Concordance between ACB-PCR and CarcSeq measurements of Pik3ca H1047R MF in rat mammary DNA samples. Fluorescent imaging of the 148-bp ACB-PCR products observed in 2 replicate assays is shown (A), along with an example of a standard curve constructed to interpolate MFs of the unknown samples (B). Linear regression and correlation of ACB-PCR and CarcSeq MFs are shown (C), along with Bland–Altman analysis (D).

Fig. 6.

Greater MFs were recovered in MS than in NMS amplicons. Average MF and MAD in MF were determined for individual rats considering MFs in MS and NMS amplicons, separately. These values were log₁₀-transformed to normalize the data. The average of the log₁₀ MFs (geomean MFs) in the MS and NMS amplicons of each dose group are plotted for 12-wk data (A), and the 24-wk data, replicate 1 (B), replicate 2 (C). The average of the log10 MADs in MF values for the MS and NMS amplicons of each dose group are plotted for 12-wk data (D), and the 24-wk data, replicate 1 (E), replicate 2 (F). Error bars correspond to the SEM. Two-way ANOVA P-values are reported for amplicon type (AT), dose, and their interaction (Int).

Fig. 7.

Normalized mutation frequency shows frequent representation at a subset of trinucleotide targets and differences between MS and NMS targets related to amplicon type but not dose.

Fig. 8.

Relationships between tumor response, MAD, and rat weight. The quotient of the total number of tumors observed in the rats of each bioassay dose group divided by the total number of rats in the dose group was determined and correlated with MAD calculated from the 24-wk MF measurements.
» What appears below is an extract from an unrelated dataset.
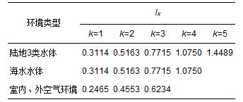 表 3 4類水體及室內(nèi)外空氣環(huán)境的引力普適指數(shù)的分級(jí)標(biāo)準(zhǔn)值Ik

Linear regression between the 2-yr bioassay tumor response relative to MAD calculated using: (A) the Pik3ca H1047R MF measurements in the replicate datasets, (B) MAD in MF calculated based on all MFs in MS amplicons (red symbols), or all MFs in NMS amplicons (black symbols) is shown. Rat weight correlated significantly with lorcaserin dose (C) and with individual rat MAD in MF (D). In (C) and (D), values corresponding to the different dose groups are identified by symbol color: black, 0 mg/kg; blue, 30 mg/kg; and red, 100 mg/kg. Error bars indicate SD.